En otras culturas esta separación no existió hasta que aparecieron los europeos con sus dogmas y pragmatismos intelectuales. Poco a poco, fuimos generando una distancia cada vez más grande hasta llegar a transitar una realidad como la actual donde ir a un bosque o ver un atardecer son acontecimientos dignos de retratar en fotografías como momentos extraordinarios. Respirar la tierra mojada, ver amanecer o bañarse desnudo en el mar parecen, en esta “sociedad avanzada”, lujos casi místicos. La gente está tan desconectada de su origen y de su esencia que sienten todas estas situaciones como algo especial, único y preciado. Lo cierto, es que somos parte de las mismas y que para estar en equilibrio sería recomendable integrarnos en dichas experiencias, es decir, ser parte de ellas como energía activa no como meros espectadores pasivos. Somos algo más grande y poderoso que materia mental, somos también materia física, tangible y densa que nos habilita para conectar con todo aquello que percibimos desde ángulos precisos. Estamos diseñados así y gracias a nuestro diseño humano tenemos la capacidad de conectarnos al mundo. Podemos dejar de lado el móvil por un momento y escuchar, es muy gratificante. Parece como si nos hubiéramos anestesiado antes incluso de haber respirado la primera bocanada de identidad natural. Dormidos o adormilados, somos herederos de una cultura sesgada sobre la cual se han edificado los pilares de la ruptura. Ruptura antinatural que nos mantiene alejados de la impronta animal, de nuestros instintos y lecturas vitales propias de nuestra especie. Esto, por extraño que suene, es en realidad una de las principales causas de nuestra pérdida de rumbo y de nuestro vacío existencial. Hemos cerrado nuestros sentidos para adaptarnos a un mundo donde “no son relevantes” cuando nuestra propia condición natural implica un diseño donde son fundamentales. ¿Qué nos está diciendo el canto de un pájaro? ¿Y su vuelo? ¿Por qué un árbol se inclina o decide erguirse sin límites? ¿Qué información nos trae el viento? ¿Qué sugiere un banco de peces aguja cuando te rodea a diez metros de profundidad?

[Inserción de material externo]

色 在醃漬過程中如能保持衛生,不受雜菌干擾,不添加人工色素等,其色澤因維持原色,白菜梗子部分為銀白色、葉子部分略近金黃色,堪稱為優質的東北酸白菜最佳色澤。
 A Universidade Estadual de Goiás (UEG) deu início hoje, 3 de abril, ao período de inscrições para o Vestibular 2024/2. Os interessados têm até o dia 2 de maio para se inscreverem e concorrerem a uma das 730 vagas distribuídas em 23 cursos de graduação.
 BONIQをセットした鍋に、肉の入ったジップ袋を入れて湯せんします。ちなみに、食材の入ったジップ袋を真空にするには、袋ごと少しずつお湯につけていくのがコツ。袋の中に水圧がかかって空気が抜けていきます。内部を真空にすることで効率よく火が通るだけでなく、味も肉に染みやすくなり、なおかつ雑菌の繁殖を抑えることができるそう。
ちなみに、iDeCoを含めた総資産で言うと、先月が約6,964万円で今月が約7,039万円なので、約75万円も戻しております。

Todas estas preguntas son fáciles de responder para los seres humanos que aún son y se sienten parte de la naturaleza. Tenemos capacidad para interpretarla y para observar cómo también nosotros somos parte activa de la misma. Nuestra forma de estar interfiere directamente en el medio que habitamos, seamos o no conscientes. Nuestro lenguaje no sirve para esto, no nos ayuda, ni nos conecta. Nuestra insaciable obsesión por intelectualizar las cosas supone una barrera de dimensiones enormes que no nos permite SER.

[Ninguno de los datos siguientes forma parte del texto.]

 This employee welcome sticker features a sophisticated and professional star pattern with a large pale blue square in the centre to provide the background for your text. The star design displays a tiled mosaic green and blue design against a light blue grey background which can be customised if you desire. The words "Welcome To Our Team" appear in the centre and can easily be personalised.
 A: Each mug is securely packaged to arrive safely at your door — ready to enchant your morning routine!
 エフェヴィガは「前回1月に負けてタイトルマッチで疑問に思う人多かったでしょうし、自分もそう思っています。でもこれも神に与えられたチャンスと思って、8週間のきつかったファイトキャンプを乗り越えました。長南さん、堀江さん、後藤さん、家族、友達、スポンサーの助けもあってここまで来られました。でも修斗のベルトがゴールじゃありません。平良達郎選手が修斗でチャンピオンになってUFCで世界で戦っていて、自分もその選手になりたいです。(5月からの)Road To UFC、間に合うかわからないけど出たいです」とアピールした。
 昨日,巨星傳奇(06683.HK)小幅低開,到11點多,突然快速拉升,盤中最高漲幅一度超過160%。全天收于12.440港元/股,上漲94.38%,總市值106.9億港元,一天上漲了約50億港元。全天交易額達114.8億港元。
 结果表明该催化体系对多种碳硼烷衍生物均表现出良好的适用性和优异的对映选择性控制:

SER Y ESTAR dos verbos que dan lugar a un tercero: SENTIR. Cuando eres, estás y es entonces cuando sientes de verdad. Cuando estás, eres y es entonces cuando sientes otra vez. Cuando sientes de verdad, eres y estás en el momento presente. Aparece así la gratitud de ser, de sentir y de estar. La posibilidad de habitar tu estado primordial se abre ante ti y puedes recibir los dones para los que fuiste creado. Respirando tu propia naturaleza.

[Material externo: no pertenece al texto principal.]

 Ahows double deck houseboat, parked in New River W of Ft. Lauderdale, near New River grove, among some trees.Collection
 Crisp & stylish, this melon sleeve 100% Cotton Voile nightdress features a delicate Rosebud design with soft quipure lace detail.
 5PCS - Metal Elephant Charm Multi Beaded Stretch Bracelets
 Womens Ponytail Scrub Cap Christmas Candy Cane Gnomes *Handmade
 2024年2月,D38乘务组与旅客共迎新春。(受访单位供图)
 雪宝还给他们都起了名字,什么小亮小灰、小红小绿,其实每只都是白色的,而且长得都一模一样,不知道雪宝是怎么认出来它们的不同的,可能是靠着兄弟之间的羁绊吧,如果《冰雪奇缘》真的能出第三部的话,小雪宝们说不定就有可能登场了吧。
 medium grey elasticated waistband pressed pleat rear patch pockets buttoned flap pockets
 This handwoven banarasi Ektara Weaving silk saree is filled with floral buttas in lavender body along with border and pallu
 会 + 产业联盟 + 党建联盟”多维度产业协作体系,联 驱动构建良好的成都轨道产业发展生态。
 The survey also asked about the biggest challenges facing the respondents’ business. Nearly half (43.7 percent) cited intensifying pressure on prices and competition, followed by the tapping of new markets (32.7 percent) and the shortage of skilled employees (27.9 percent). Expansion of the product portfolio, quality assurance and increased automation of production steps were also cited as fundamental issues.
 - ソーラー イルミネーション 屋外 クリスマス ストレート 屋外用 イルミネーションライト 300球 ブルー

Somos hijos de culturas ancestrales donde la gratitud era el punto de partida. Gratitud por la vida, por nuestros hermanos los animales y nuestras hermanas las plantas. Gratitud por nuestra madre Naturaleza y por ser parte de ella. En la cultura Onondaga (hijos de la tierra que hoy conocemos como Estados Unidos) cada semana comienza con lo que ellos llaman: Palabras Que Van Antes Que Todo Lo Demás. Una forma de agradecer a la vida, tan antigua como el primer ser humano y que ordena las prioridades bajo la visión ancestral del mundo.

Esto que nos queda tan lejano, es en esencia lo que fuimos una vez. Un pueblo que habitaba un mundo con una misma naturaleza, una misma entrega y un mismo respeto hacia la vida que el resto de los seres.